As the automaker's Super Bowl commercial generates huge page view numbers on YouTube -- 3.7 million as of this afternoon -- Volkswagen says it's also created what it calls a "war room" of employees ready to pounce any Super Bowl social media opportunities.
"We've always pushed the envelope with social media," said Jennifer Clayton, a Volkswagen media manager. "The Super Bowl is one of the most talked about days of the social space. We wanted to further expand our engagement." Last year's Super Bowl game was seen by analysts as a watershed event for social media.
Consistently the top rated television program each year, the Super Bowl is now a huge day for social networks as viewers tweet their views and post comments about and pictures of their favorite plays, touchdowns, game day parties and, of course, the commercials.
The halftime show last year drove more than 24 million tweets, many with hashtags touted by the competing teams, the Baltimore Ravens and San Francisco 49ers.

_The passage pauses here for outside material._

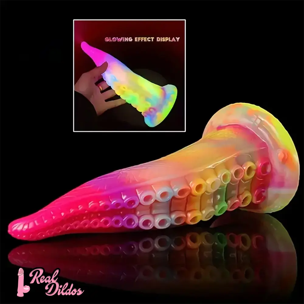 7.28in 9.05in Tentacle Colorful Luminous Liquid Silicone Fantasy Dildo

"Social nets are where the most activity will be during the Super Bowl," said Zeus Kerravala, an analyst with ZK Research. "People watching the game will makes comments in real time about action on and off the field. Twitter and Facebook will light up with commentary. It makes sense for companies to want their brand up there getting attention."
To get in on that social media action, Volkswagon launched its game day commercial, Wings, ahead of time on YouTube, along with Budweiser, Mars Inc.'s M&M candies and Audi.
Volkswagen is taking a page from Nabisco's 2013 efforts and says it's fully prepared to take advantage of any big trending topics.
During the 2013 game, a blackout stopped play for about half an hour. Nabisco jumped on it, posting a tweet and twitpic in the midst of the outage reminding readers they could "dunk in the dark." The clever post quickly had Twitter abuzz, with Oreo becoming a trending topic.
By the next day, the twitpic had nearly 15,000 retweets and had been favorited more than 5,000 times.
Walgreens followed suit with the tweet: "We do carry candles. #SuperBowl."
Volkswagen learned from those and is prepared to launch not only tweets but videos that take can advantage of any goofs, big plays or other notables.
The company is stocking its war room with people who will monitor social networks to find out what's trending. They'll also have the actors used in the Wings commercial, along with writers, videographers and lawyers on hand to work on the fly. About a dozen people will be on the job.